To Breathe, That Is…

I was looking up masks and found these ads…
I am a bit (but not entirely) speechless…

Find a Mask to Filter Fragrance From Work HVAC Systems

“Companies across the globe are including fragrances in their heating and ventilation systems. It’s part of what emotional branding companies such as DMX call a multi-sensory experience. Retail stores may use scent in combination with audio and visual systems to enhance brand awareness. Smell associations, say DMX, are so strong they can even increase worker productivity. Whatever the reason, these scent systems can make it difficult for employees working in the affected areas who have fragrance sensitivities.”

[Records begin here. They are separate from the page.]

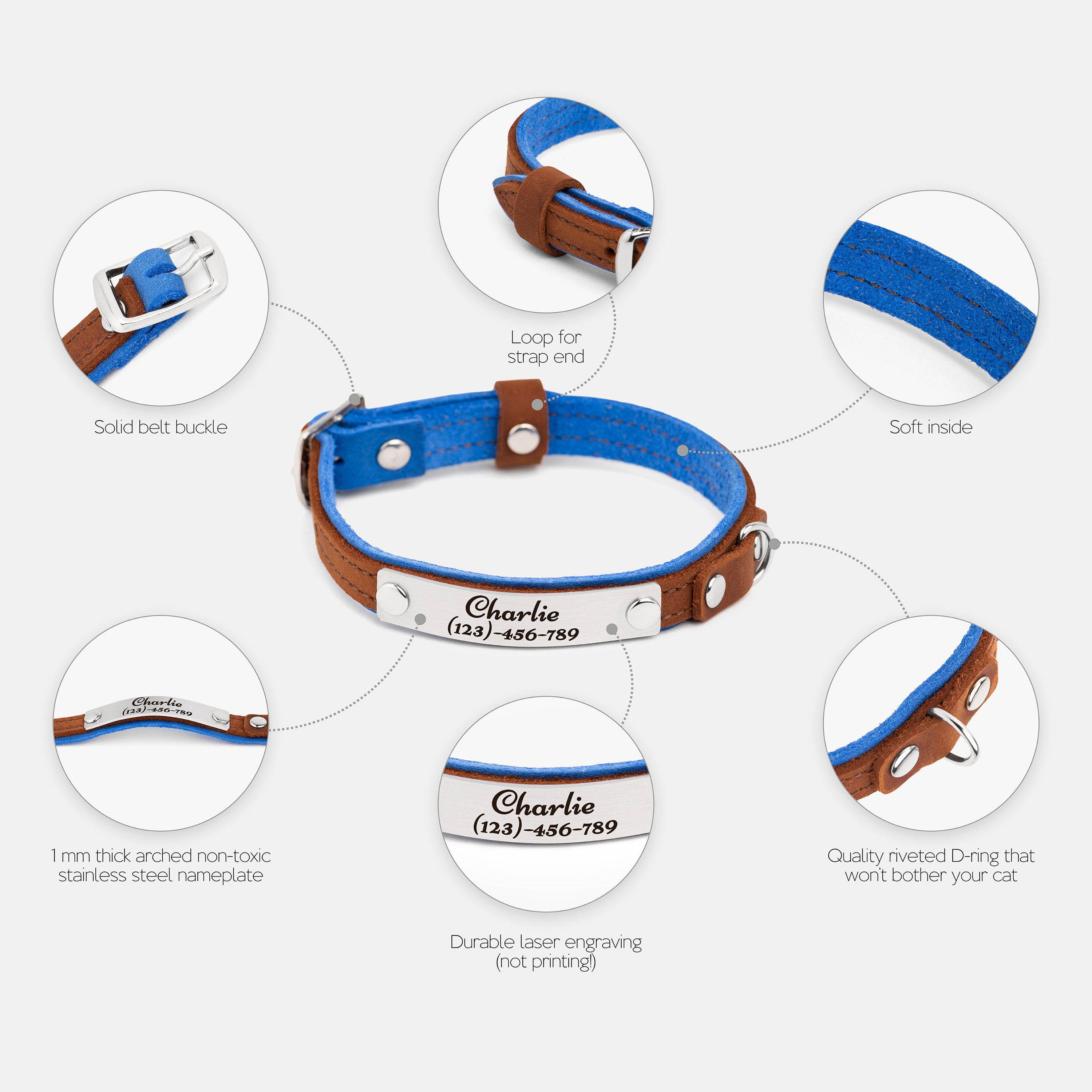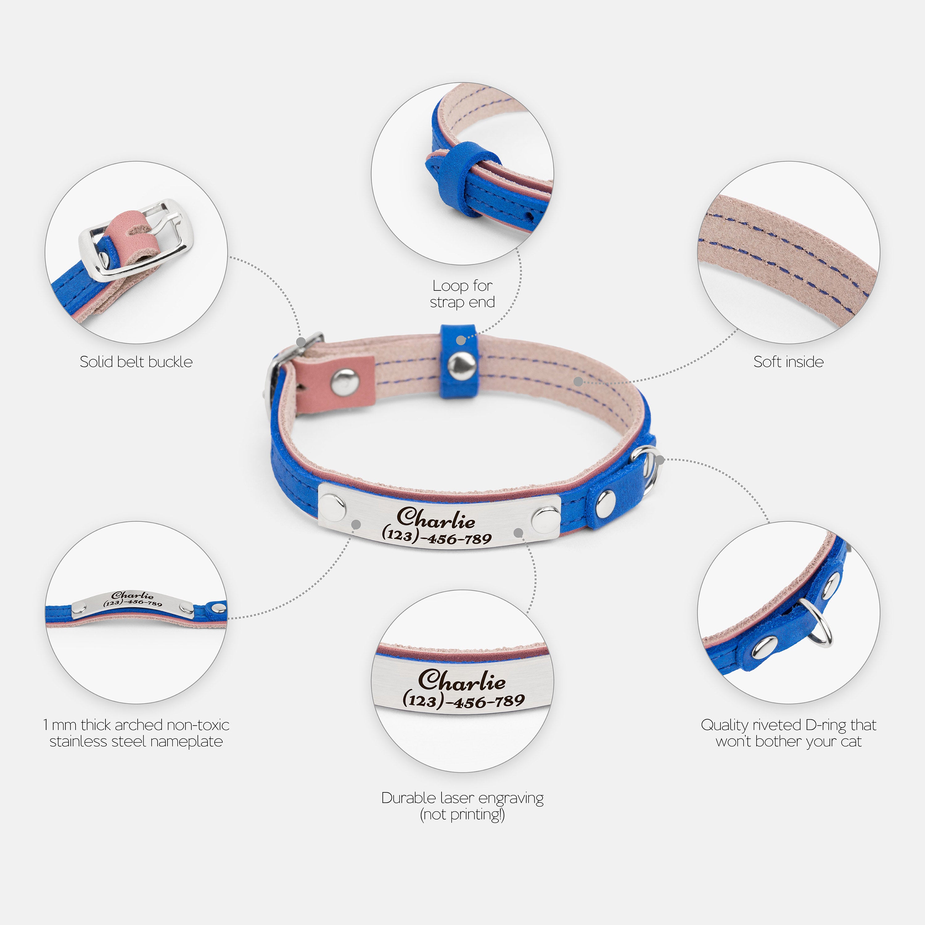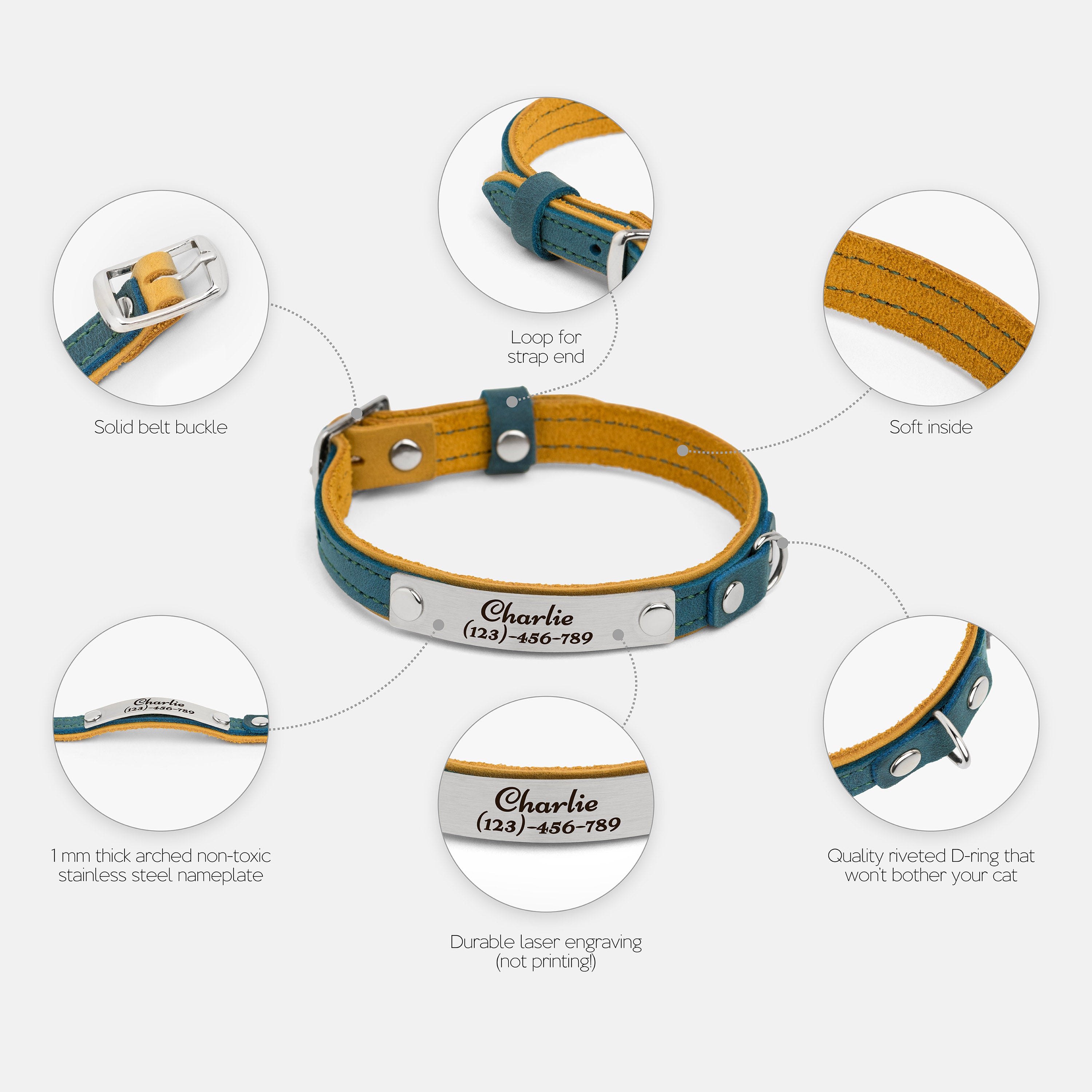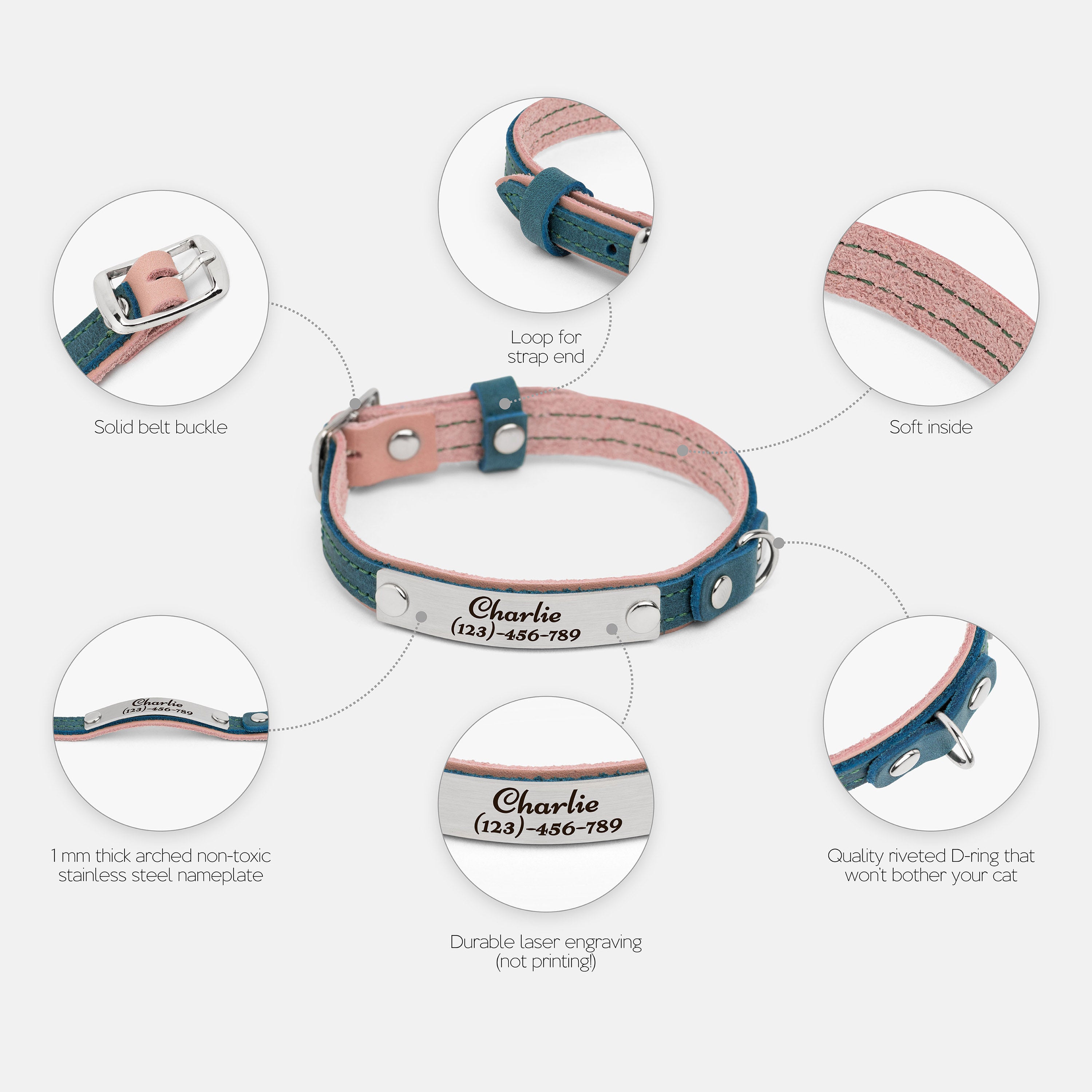 This leather cat collar combines lightweight comfort with practical features and a fun two-colored bright design, making it perfect for daily wear. Crafted from double-layered leather, it includes a durable buckle for easy adjustment, a sturdy D-ring for leash attachment, and a loop to secure the strap end. Personalize it with an engraved nameplate for a noise-free, stylish accessory or a thoughtful gift for a new kitten.
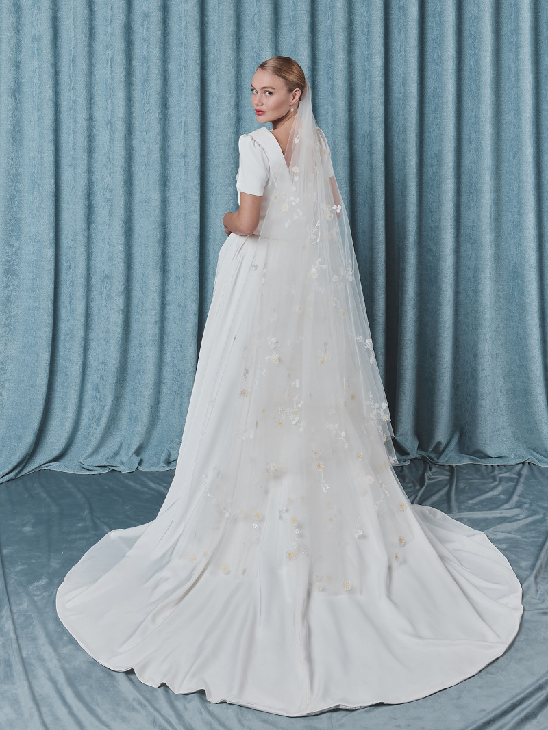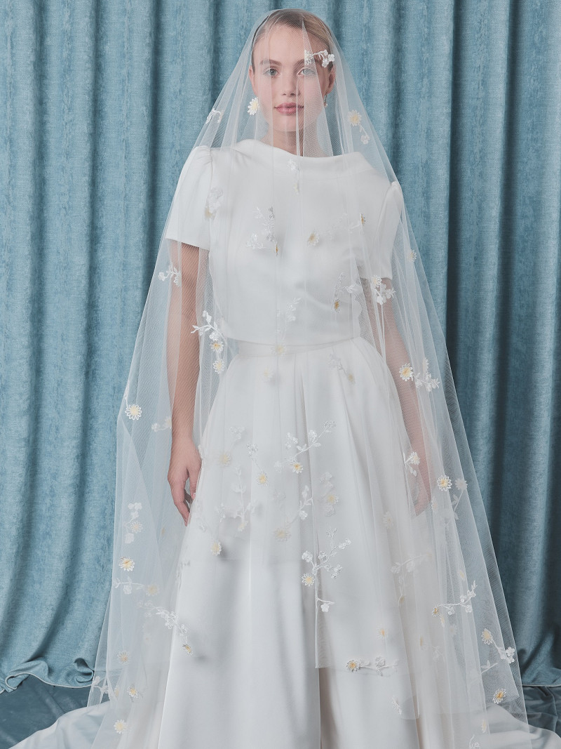 S75518-300/R/MD - Trendy ronde sluier van medium-tule met geborduurde bloemetjes over de hele sluier
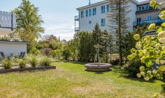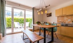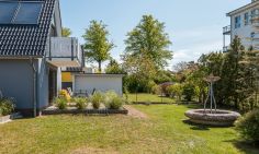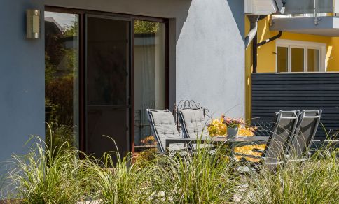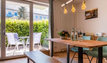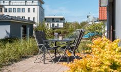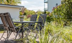 Eine kleine Terrasse gehört ebenfalls zur Ferienunterkunft und kann vom Wohnbereich betreten werden. Hier kannst du deinen Urlaubstag bei einem sonnigen Frühstück starten oder am Abend ausklingen lassen. Auf dem 650 Quadratmeter großen Grundstück mit kleiner Rasenfläche befindet sich eine Sitzbank. In dem Nebengebäude steht ein Grill für alle Feriengäste des Hauses zur Verfügung. Ein Pkw-Stellplatz je Wohnung steht zur Verfügung.
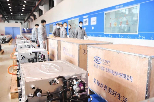 東方電氣于2010年啟動(dòng)了燃料電池研發(fā)工作,經(jīng)過長期扎實(shí)的技術(shù)積累,在2017年自主研制的第一代氫燃料電池發(fā)動(dòng)機(jī)正式裝車,2018年實(shí)現(xiàn)10臺(tái)公交車小批量示范,2019年第二代發(fā)動(dòng)機(jī)實(shí)現(xiàn)批量應(yīng)用,點(diǎn)亮了四川省、成都市氫能產(chǎn)業(yè)發(fā)展的星星之火。當(dāng)前,先期示范的100臺(tái)氫燃料電池公交車?yán)塾?jì)運(yùn)營里程超過620萬公里,最低氫耗不到4公斤,處于國內(nèi)領(lǐng)先水平。
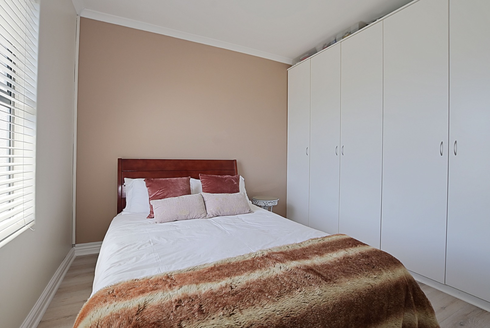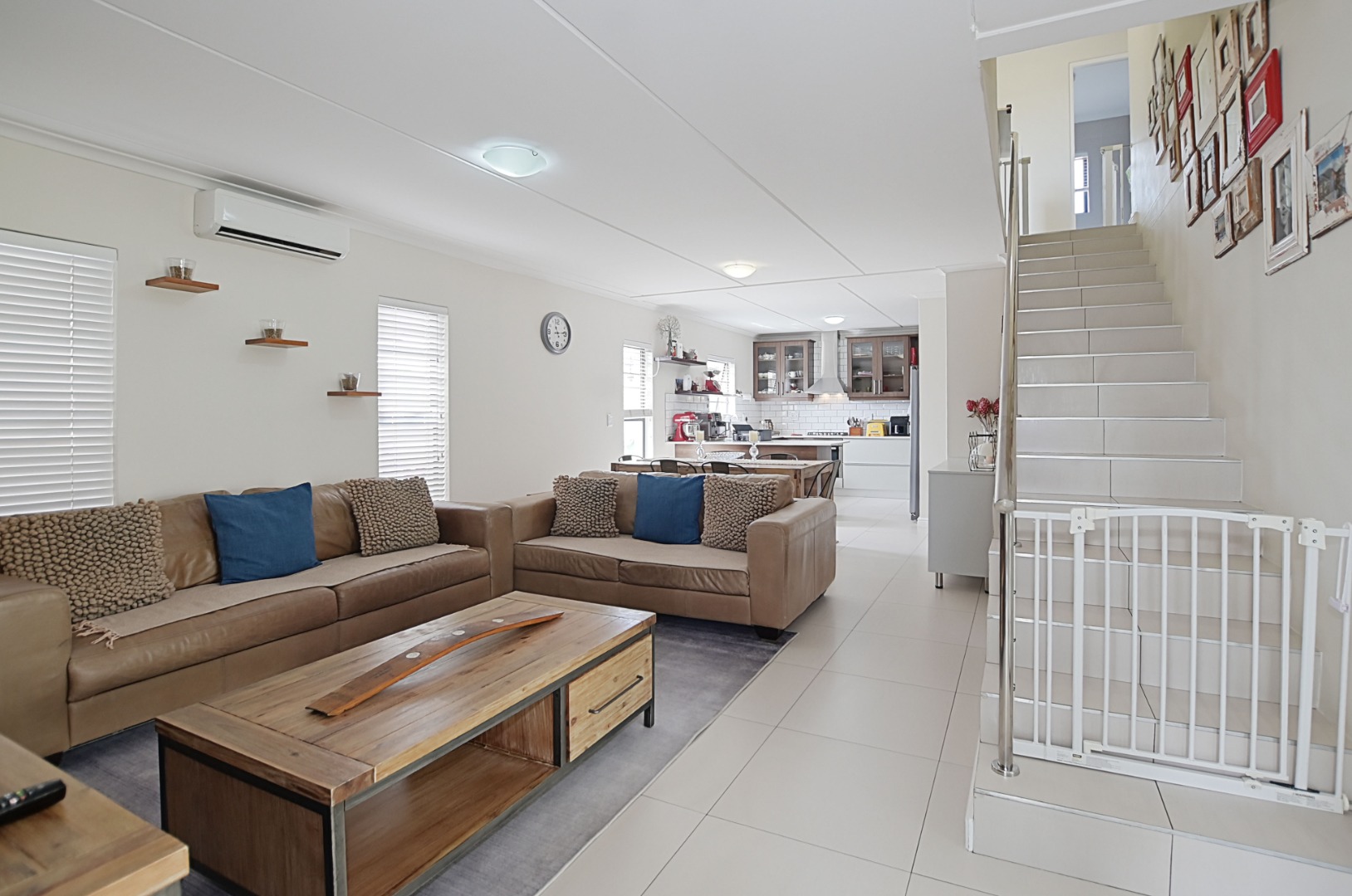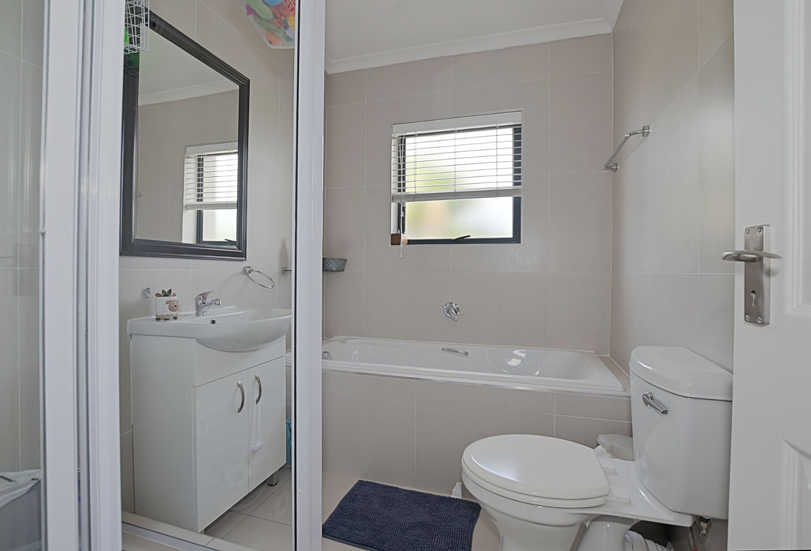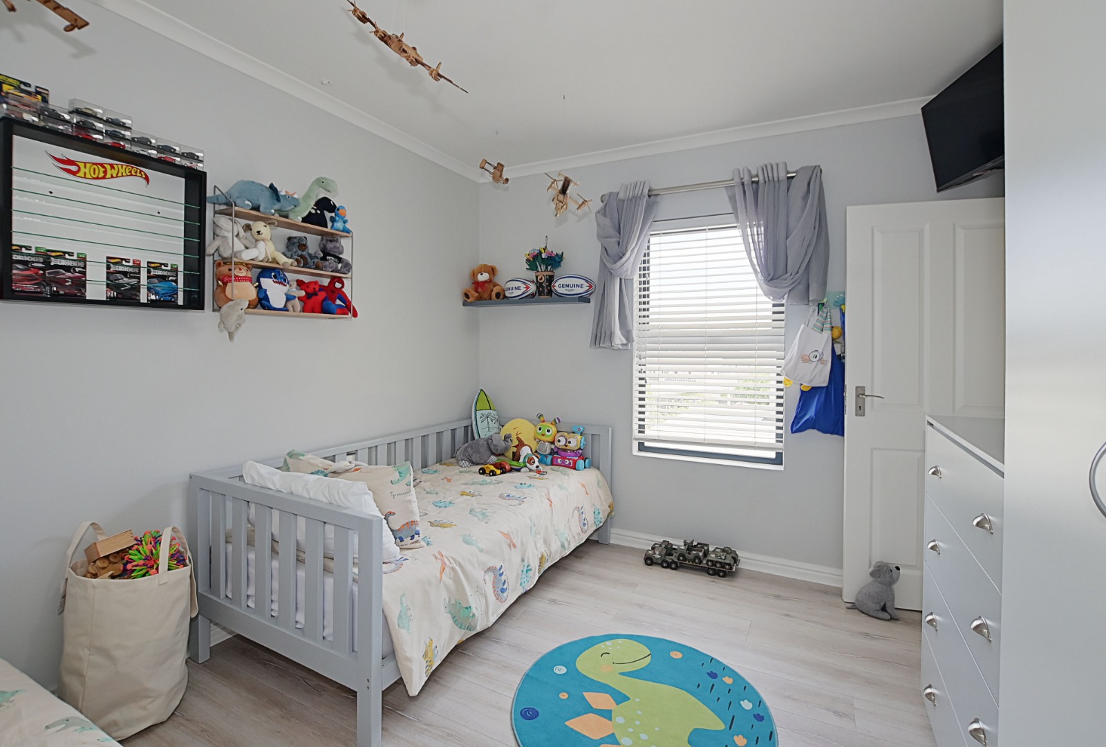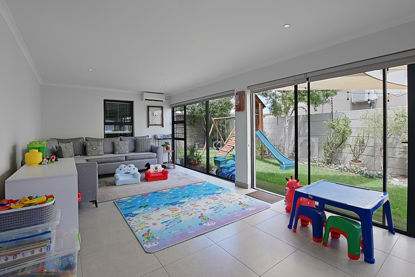 The expansive braai room is a standout feature — perfect for entertaining year-round — and opens onto a sunny, private garden complete with a swimming pool and ample space for children and pets to play. The open-plan kitchen is complemented by a separate scullery with direct access to the back garden, while additional garden storage adds to the home’s practicality. A staff quarters with bathroom is positioned at the rear of the property.

While it won’t be possible for all workers in controlled scent environments to wear respirators, for those who can, we have a few suggestions:

http://blog.pksafety.com/a-respirator-mask-to-filter-out-fragrance-from-the-hvac/

I do know people who have to wear a mask just to go to work. It’s a horrible way to have to live when toxic chemicals are used everywhere everyday by almost everyone, and so much worse when pumped into the air deliberately. In fact, I don’t think anyone with MCS/ES or respiratory symptoms could work (or visit or shop) in an environment with deliberately pumped in fragrance chemicals, even wearing a mask.

That’s why we have human rights legislation to provide fragrance or scent free policies for working environments (see the sidebar or resources page at the top). These policies actually end up benefitting everyone’s health, not just those of us who are “sensitive”. Soon (but not soon enough) that will change to basic public health legislation, as it has for smoking.

Some multi-unit housing complexes have introduced smoke free rules, but so far there are very few housing options with fragrance free rules. We need them. Wearing a mask all day and night just isn’t feasible or possible, even if we tolerate the (mostly synthetic) materials they are made of, which many of us don’t.

Did you know there are masks for kids? These just make me really sad…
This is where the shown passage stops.